#### Recorded information ####
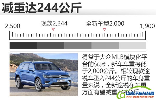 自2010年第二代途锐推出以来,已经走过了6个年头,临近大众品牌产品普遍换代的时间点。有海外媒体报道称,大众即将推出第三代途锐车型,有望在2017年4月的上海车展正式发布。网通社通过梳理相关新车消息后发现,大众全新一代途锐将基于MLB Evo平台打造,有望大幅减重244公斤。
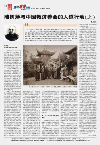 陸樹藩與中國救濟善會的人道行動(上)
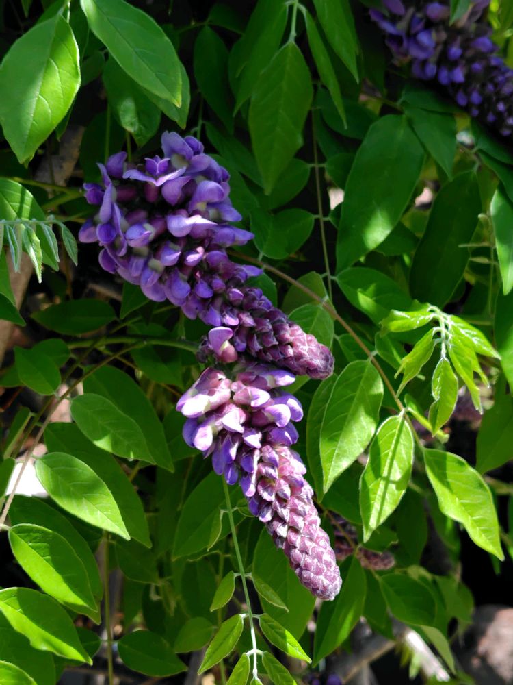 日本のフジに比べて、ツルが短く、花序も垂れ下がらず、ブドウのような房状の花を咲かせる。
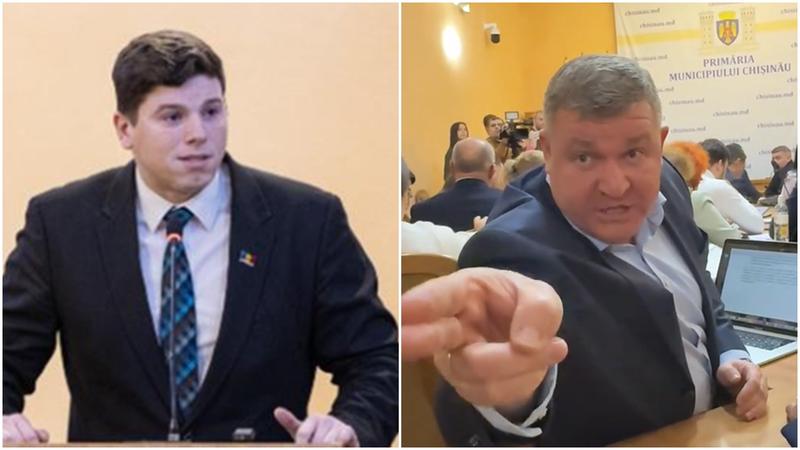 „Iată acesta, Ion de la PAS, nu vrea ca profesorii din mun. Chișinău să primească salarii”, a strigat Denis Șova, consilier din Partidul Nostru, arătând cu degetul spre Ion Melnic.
####
#### Recorded information ####
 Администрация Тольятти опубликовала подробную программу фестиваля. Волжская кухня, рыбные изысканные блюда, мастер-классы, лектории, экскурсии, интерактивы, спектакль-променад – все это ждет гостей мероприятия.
####
Work instruction
Look above for the line with "陸樹藩與中國救濟善會的人道行動(上)", then give again exactly every line from there through the line with "spre Ion Melnic.", skipping the pictures.

Solution to the problem
 陸樹藩與中國救濟善會的人道行動(上)
 日本のフジに比べて、ツルが短く、花序も垂れ下がらず、ブドウのような房状の花を咲かせる。
 „Iată acesta, Ion de la PAS, nu vrea ca profesorii din mun. Chișinău să primească salarii”, a strigat Denis Șova, consilier din Partidul Nostru, arătând cu degetul spre Ion Melnic.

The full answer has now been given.